The Text and the World

Elements of Literary Theory


ISBN: 9788833923758
publisher: Bollati Boringhieri
year: 2013
pages: 144

 

Between words and things there is an intermediate stage, where words express their inexhaustible tension to become things. The workshop of this impossible, and always retried, metamorphosis is called literature.

The book consists of three chapters. The first sets out to define the literary field. Taking issue with the prevailing sceptical view, Paduano holds that it is possible to define literature on a functional basis, starting with its gratuitousness, which, he asserts, is paradoxically a social role. He argues that all the literary texts that constitute what we call western literature are a macrotext organized by a single tradition and governed by a relationship between ancient and modern which needs to be freed of all prejudices about value. The author’s perspective is that of an experienced classicist who is particularly sensitive to the contemporary vitality of the classical.

The second chapter discusses the theoretical debate on the reciprocal relations between author and reader, arguing in favour of a reception theory which respects the essential nature of the basic features of the original text.

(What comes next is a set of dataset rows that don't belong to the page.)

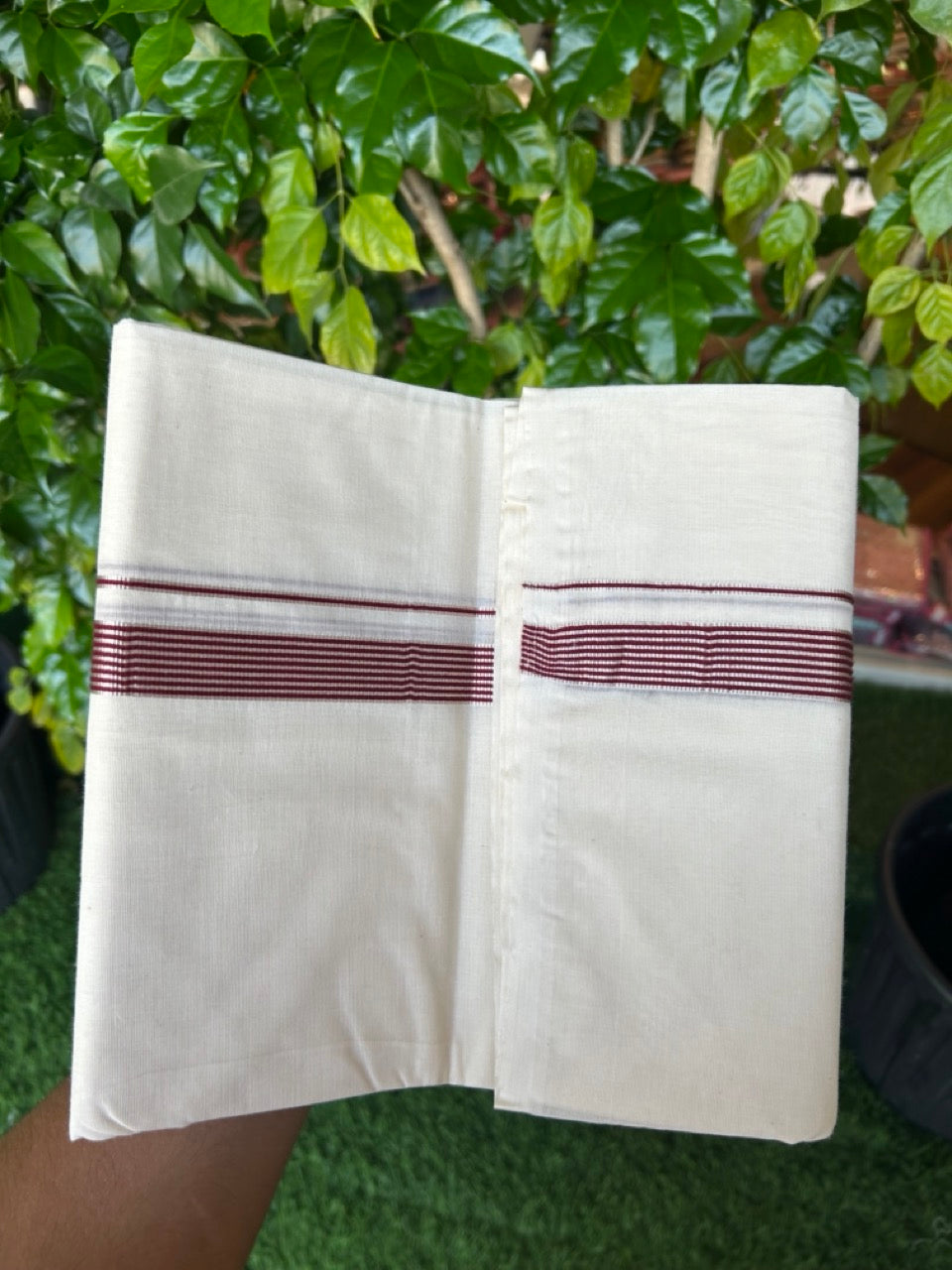 NEW !! 20% DISCOUNT!! KaithariKada Balaramapuram 100% Cotton Double Off white - (Unbleached) Mundu/Dhoti-100x80 - 0.75 inch Silver Kasavu & Maroon Striped KARA - 3.75 mtr (8 Muzham) - 42KK5218 ASH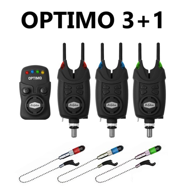 Набір Delphin OPTIMO слідує за величезним успіхом наборів від бренду Delphin. У комплекті є можливість світлової, звукової та вібраційної сигналізації. Він на 100% водонепроникний, а сигналізатори живляться від батарейок 9В, що гарантує тривалий термін служби. Приймач живиться від батарейок 3xAAA. Окрім високої міцності, радіус дії до 200 метрів є одним із найбільших переваг цього набору, залежно від навколишніх умов!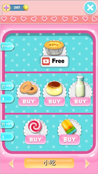 5、点击加号,挑选女朋友想吃的食物,把美食拖到女友面前,以此增进和女友的感情;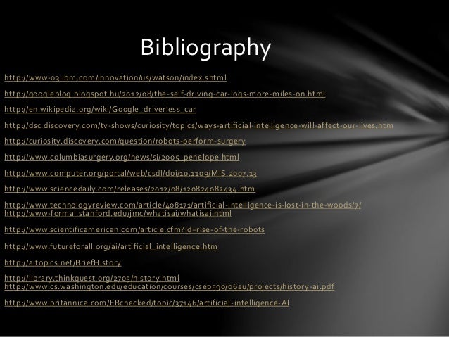 18. 18. http://www-03.ibm.com/innovation/us/watson/index.shtml http://googleblog.blogspot.hu/2012/08/the-self-driving-car-logs-more-miles-on.html http://en.wikipedia.org/wiki/Google_driverless_car http://dsc.discovery.com/tv-shows/curiosity/topics/ways-artificial-intelligence-will-affect-our-lives.htm http://curiosity.discovery.com/question/robots-perform-surgery http://www.columbiasurgery.org/news/si/2005_penelope.html http://www.computer.org/portal/web/csdl/doi/10.1109/MIS.2007.13 http://www.sciencedaily.com/releases/2012/08/120824082434.htm http://www.technologyreview.com/article/408171/artificial-intelligence-is-lost-in-the-woods/7/ http://www-formal.stanford.edu/jmc/whatisai/whatisai.html http://www.scientificamerican.com/article.cfm?id=rise-of-the-robots http://www.futureforall.org/ai/artificial_intelligence.htm http://aitopics.net/BriefHistory http://library.thinkquest.org/2705/history.html http://www.cs.washington.edu/education/courses/csep590/06au/projects/history-ai.pdf http://www.britannica.com/EBchecked/topic/37146/artificial-intelligence-AI Bibliography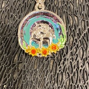 Mother/daughter silver necklace featuring a Mommy carrying baby elephant pendant with blue purple and orange background accents.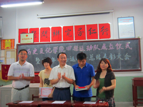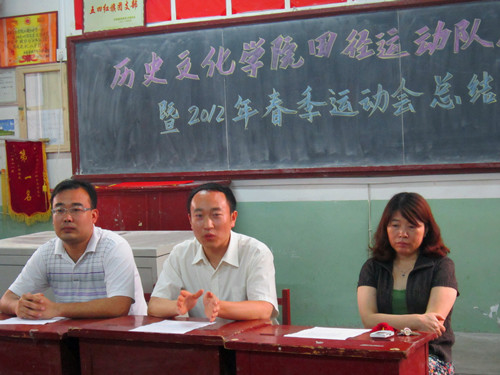 6月6日下午,大乐透 田径队成立仪式暨2012年春季运动会总结表彰大会在文史楼309教室成功举行。大乐透 党总支副书记王明科、团总支书记王建阳、辅导员老师李春玲、2011届学生会主席团成员及参加2012年春季运动会的教练员、运动员共同出席了本次大会。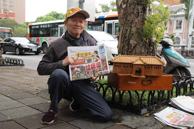 五名院民從樂生舊院區趕往行政院表達訴求,並感謝重建樂生的支持者。院民茆萬枝帶著自己製作的迷你版王字型建築第一進模型到現場,他表示,當初投身製作模型是為了得到更多民眾的支持。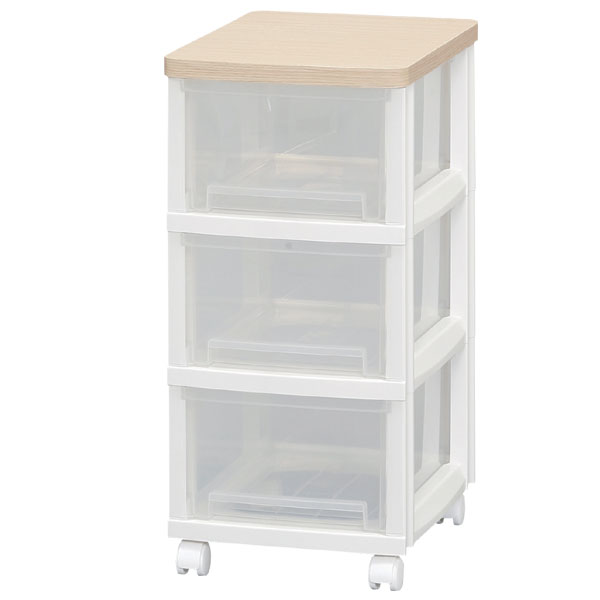 キッチンやお部屋、お風呂周辺などにぴったりウッドトップチェストです☆キャスター付で移動に便利なうえ、ケースは半透明なので中に入れたものが一目で分かります!天板はナチュラルテイストな木目調になっており、物を置いたり飾ったりできます。●商品サイズ(cm):幅約30.7×奥行き約37.8×高さ約64.2(キャスター込)●引出内寸(約):幅23×奥行き31×高さ15cm●収納の目安:Yシャツなら8枚、タオルなら8枚●主要材質天板:プリント紙化粧パーティクルボード本体・引出し・フレーム:ポリプロピレン▼4段タイプはこちら!▼5段タイプはこちら!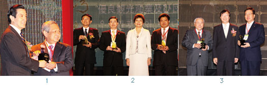 3.交通部次長陳威仁頒發台灣觀光貢獻獎給中華航空董事長魏幸雄(左)及長榮航空董事長林寶水(右)。

The third chapter, which is the most important and innovative, disputes the common self-referential idea of literature, arguing not for a generic relationship with the real, but for a privileged relationship with the human condition, which for Aristotle was the entire reality that was the object of mimesis. In its creations of imaginary worlds, literature simultaneously and powerfully channels the two faculties which constitute the human being in all its manifestations: on the one hand, it channels the rational dimension, by organizing into a meaningful body a sequence of facts that don’t necessarily have meaning; and on the other hand it channels the emotional dimension, by expressing through the figures a disturbance of the transparency of language which directs it potentially towards the infinite (something characteristic of the language of the emotions) and also by articulating a conflict between repressed desire and repression on various levels.